Making Access to Goods and Services Easier for Disabled Customers: A Practical Guide for Small Businesses and Other Service Providers


Making doors easier to use

Doorways and doors are another typical barrier to access for disabled customers, whether because of their width, design of threshold, heaviness of operation, or difficulties in operating the door handles.

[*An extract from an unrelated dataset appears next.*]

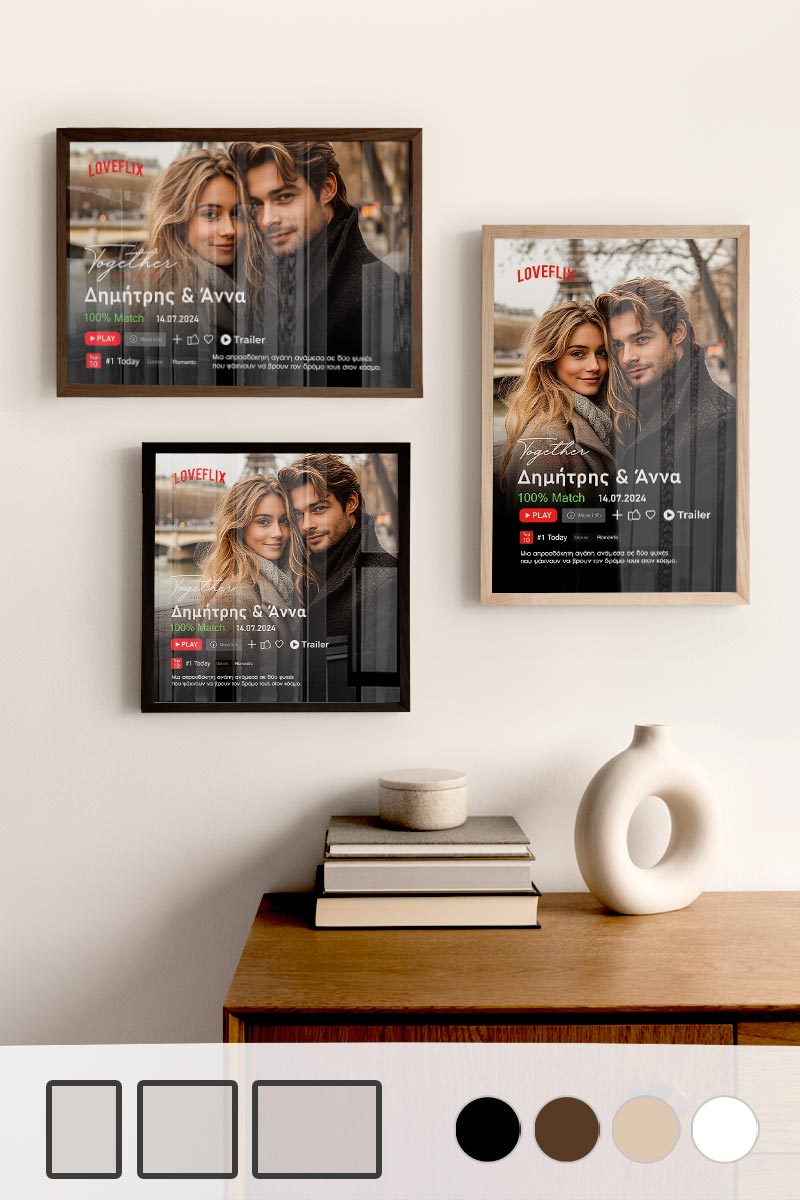 Κάνουμε πιο εύκολο από ποτέ τον τρόπο με τον οποίο μπορείτε να δημιουργήσετε online τα δικά σας έργα τέχνης. Προσθέστε στις κορνίζες σας μονογράμματα, κείμενα, λεζάντες και πολλά άλλα. Σε λίγα λεπτά, μπορείτε να παραγγείλετε ένα έργο τέχνης που θα μετατρέψει έναν συνηθισμένο τοίχο στο σημείο εστίασης οποιουδήποτε δωματίου. Μπορείτε να δημιουργήσετε κορνίζες με τις καθημερινές σας στιγμές, το Γάμο σας, τη Βάπτιση του παιδιού σας, τα ταξίδια σας, τις διακοπές σας, τις σημαντικές στιγμές σας και πολλά άλλα.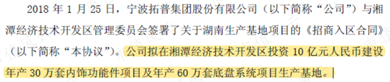 2018年1月,拓普集团还与湘潭开发区管委会签署了投资意向协议,拟投资10亿元,建设“年产30万套内饰功能件项目”及“年产60万套底盘系统项目”生产基地。此次募投项目中的湖南工厂部分,大概就是依托这一投资协议。

In terms of access for wheelchair users, at least 750 mm clear opening width (i.e. the actual space that is available between the door frame and the door in the open position) and a maximum of 13mm lip at the threshold is generally considered suitable. It is worth considering whether physical adaptation could achieve this, and you will need technical advice if you are planning to adjust or widen a doorway (which may or may not be possible depending on various factors) or alter the threshold (see Technical Advice). Even without carrying out major structural alterations, there are many things that you can consider doing to make doors easier to use by many of your disabled customers:

Practical suggestions:

  • Positioning of the door handle: could the handle be positioned more conveniently (recommended height 1000mm)?
  • Replacing the door handle: could the handle be replaced by one which is easier to grip, such as a D-shape handle, and with better colour contrast? These adjustments would benefit customers with, for example, arthritis and with visual impairments (indeed many older customers who would not necessarily consider themselves disabled do have difficulties using knobs and handles).
  • Making the door easier to open: door opening pressure can often be altered very easily to make the door much easier to open. This benefits customers who have mobility impairments or difficulty balancing. Magnetic devices which hold the door open for normal use but allow them to close for fire protection may be considered.
  • Checking that entrance mats are flush: this can prevent a potential tripping hazard to customers with visual impairments (who may not see the hazard) and to customers using aids such as walking sticks or crutches or who have difficulty keeping their balance. It is best to avoid bristle matting which may be difficult for wheelchair users to cross.
  • Glazed doors: people with impaired vision may not recognise fully glazed doors and may walk into them. Could you add safety markings half way up the door?
  • Maintaining doors: ensuring that door closers are regularly maintained, that door ironmongery is kept clean and free-moving and that standard (side-hung) doors accompanying revolving doors are kept unlocked can benefit all customers, particularly those with mobility impairments and those using assistance dogs as well as customers carrying shopping or with buggies.